"""
Abstract SDE classes, Reverse SDE, and VE/VP SDEs.
Modified code from https://github.com/yang-song/score_sde
"""
from abc import ABC, abstractmethod

import jax
import jax.numpy as jnp

from score_sde.models.model import get_score_fn
from score_sde.utils import get_exact_div_fn
from score_sde.schedule import ConstantBetaSchedule


class SDE(ABC):
    # Specify if the sde returns full diffusion matrix, or just a scalar indicating diagonal variance

    full_diffusion_matrix = False
    spatial_dependent_diffusion = False

    def __init__(self, beta_schedule=ConstantBetaSchedule()):
        """Abstract definition of an SDE"""
        self.beta_schedule = beta_schedule
        self.tf = beta_schedule.tf
        self.t0 = beta_schedule.t0

    @abstractmethod
    def drift(self, x, t):
        """Compute the drift coefficients of the SDE at (x, t)

        Parameters
        ----------
        x : jnp.ndarray
            Location to evaluate the coefficients at
        t : float
            Time to evaluate the coefficients at
        """
        pass

    def diffusion(self, x, t):
        """Compute the diffusion coefficients of the SDE at (x, t)

        Parameters
        ----------
        x : jnp.ndarray
            Location to evaluate the coefficients at
        t : float
            Time to evaluate the coefficients at
        """
        beta_t = self.beta_schedule.beta_t(t)
        return jnp.sqrt(beta_t)

    def coefficients(self, x, t):
        """Compute the drift and diffusion coefficients of the SDE at (x, t)

        Parameters
        ----------
        x : jnp.ndarray
            Location to evaluate the coefficients at
        t : float
            Time to evaluate the coefficients at
        """
        return self.drift(x, t), self.diffusion(x, t)
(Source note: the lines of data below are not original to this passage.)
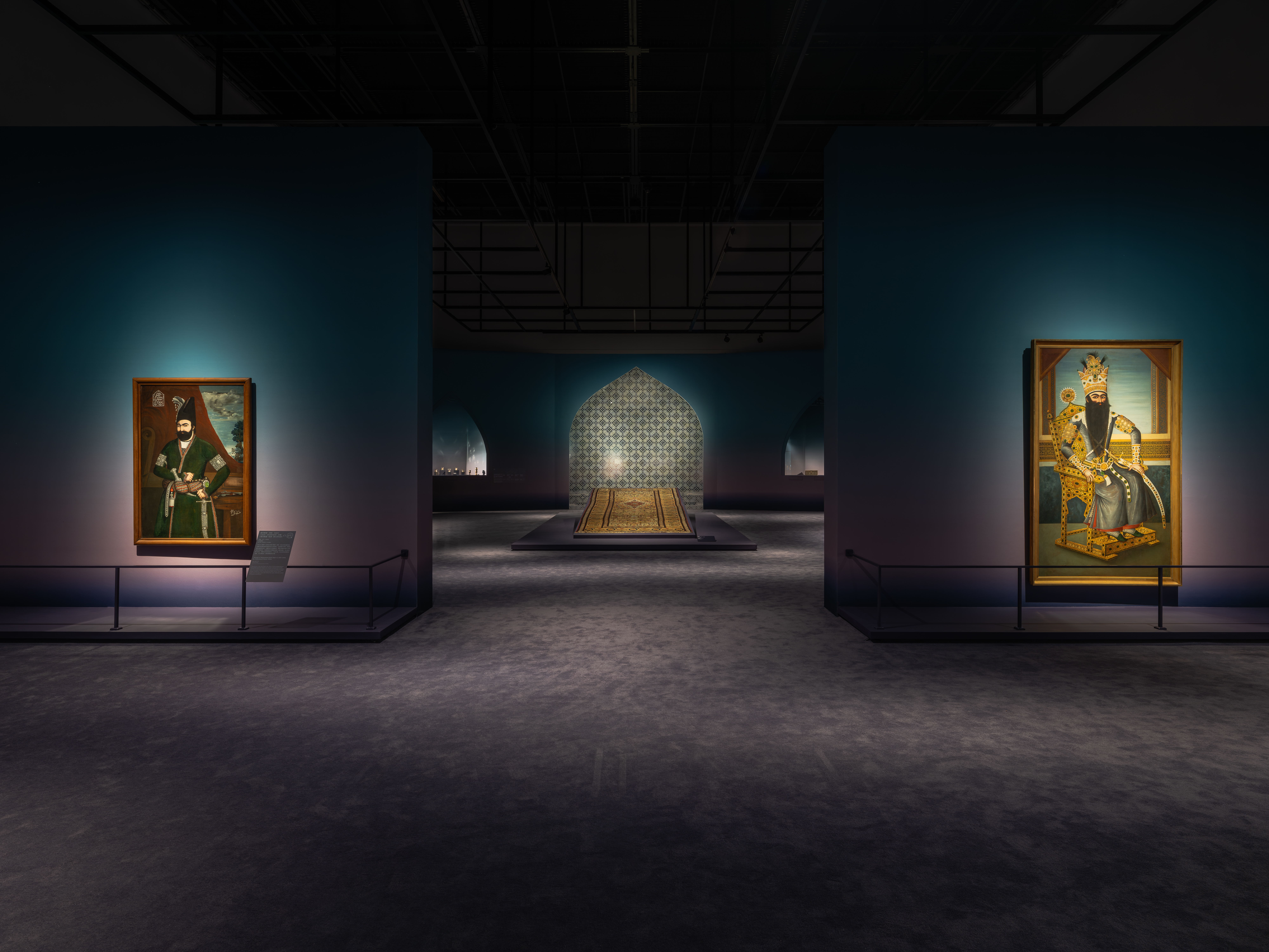 第二板块展现伊朗艺术,生动诠释了萨法维王朝和卡扎尔王朝纷繁的艺术成就。1501年,沙阿伊斯玛仪一世建立萨法维王朝,以今伊朗为中心,版图从亚美尼亚延伸至阿富汗。贯通东西的商贸推动了艺术发展的高度繁荣,缔造了一个艺术创作的黄金时代:铭诗盘、兽斗纹圆形饰板等彩陶器不仅具有实用价值,更承载了文学母题和诗歌意象,堪称「会说话的艺术品」;动植物纹瓶等彰显出华丽的「拉斯特彩」陶瓷装饰技术,同时体现出中国青花瓷的纹样如何融入萨法维艺术语言;王室与贵族的肖像油画展现了本土艺术家吸收欧洲绘画技术后的进化与突破;这一时期广泛流行的珐瑯工艺也被运用至当地特色水烟壶的制作当中。19世纪,卡扎尔王朝统治下的伊朗更是视萨法维时期的艺术为典范。工匠们从历史和文学中汲取灵感,这一潮流强化了民族认同感,并唤醒了辉煌的过去。
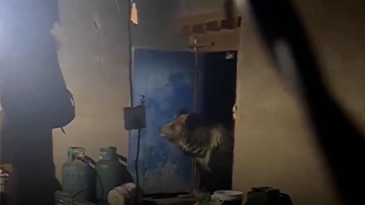 Gấu hoang xông vào nhà kho tìm thức ăn
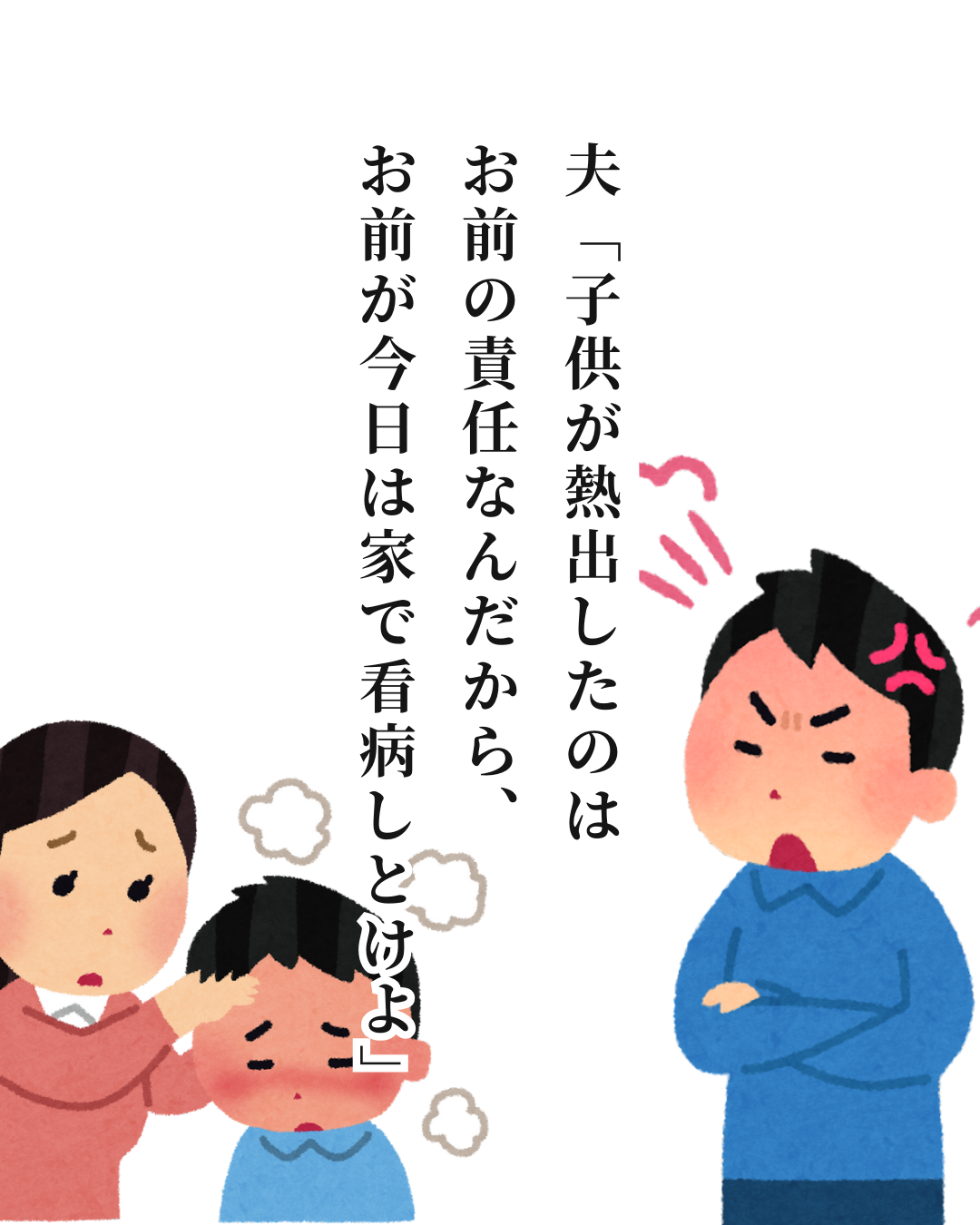 「子供が熱出したのはお前の責任なんだから、お前が今日は家で看病しとけよ」
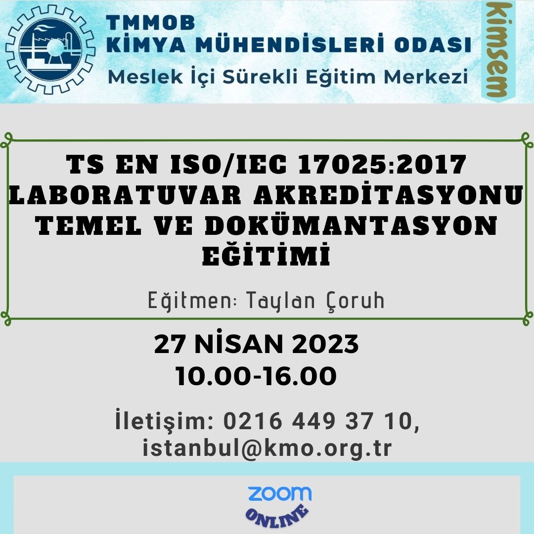 | EĞİTİMİN ADI | TS EN ISO/IEC 17025:2017 Laboratuvar Akreditasyonu Temel Ve Dokümantasyon Eğitimi | | EĞİTMEN | Taylan Çoruh, Kimya Mühendisi | | EĞİTİM YERİ | Eğitimimiz zoom programı üzerinden online gerçekleşecektir. | | EĞİTİMİN TARİHİ VE SAATİ | 27 Nisan 2023, Perşembe/ Saat:10.00-16.00 | | KONTENJAN | Eğitime katılım 25 kişi ile sınırlıdır. (Eğitim sınırlı sayıda katılımcıyla gerçekleşeceğinden öncelikli başvurular değerlendirilecektir.) | | SON BAŞVURU TARİHİ | 25 Nisan 2023 | | KATILIMCILARDA ARANACAK ŞARTLAR (EĞİTİME KİMLER KATILMALI) | Laboratuvar yöneticileri, laboratuvar çalışanları, AR&GE, kalite kontrol, kalite yönetim, ürün güvenliği vb. alanlarda görev yapan Mühendisler ve Kimyagerler ile gelecekte laboratuvarlarda görev yapmayı hedefleyen kişiler. | | EĞİTİMİN İÇERİĞİ | - TS EN ISO /17025 Temel Eğitimi;

    def marginal_prob(self, x, t):
        """Parameters to determine the marginal distribution of the SDE, $p_t(x | x_0 = 0)$.

        Parameters
        ----------
        x : jnp.ndarray
            Location to evaluate the coefficients at
        t : float
            Time to evaluate the coefficients at
        """
        raise NotImplementedError()

    def marginal_log_prob(self, x0, x, t):
        """Compute the log marginal distribution of the SDE, $log p_t(x | x_0 = 0)$.

        Parameters
        ----------
        x0: jnp.ndarray
            Location of the start of the diffusion
        x : jnp.ndarray
            Location of the end of the diffusion
        t : float
            Time of diffusion
        """
        raise NotImplementedError()

    def grad_marginal_log_prob(self, x0, x, t, **kwargs):
        """Compute the log marginal distribution and its gradient

        Parameters
        ----------
        x0: jnp.ndarray
            Location of the start of the diffusion
        x : jnp.ndarray
            Location of the end of the diffusion
        t : float
            Time of diffusion
        """
        marginal_log_prob = lambda x0, x, t: self.marginal_log_prob(x0, x, t, **kwargs)
        logp_grad_fn = jax.value_and_grad(marginal_log_prob, argnums=1, has_aux=False)
        logp, logp_grad = jax.vmap(logp_grad_fn)(x0, x, t)
        logp_grad = self.manifold.to_tangent(logp_grad, x)
        return logp, logp_grad

    def sample_limiting_distribution(self, rng, shape):
        """Generate samples from the limiting distribution, $p_{t_f}(x)$.
        (distribution may not exist / be inexact)

        Parameters
        ----------
        rng : jnp.random.KeyArray
        shape : Tuple
            Shape of the samples to sample.
        """
        return self.limiting.sample(rng, shape)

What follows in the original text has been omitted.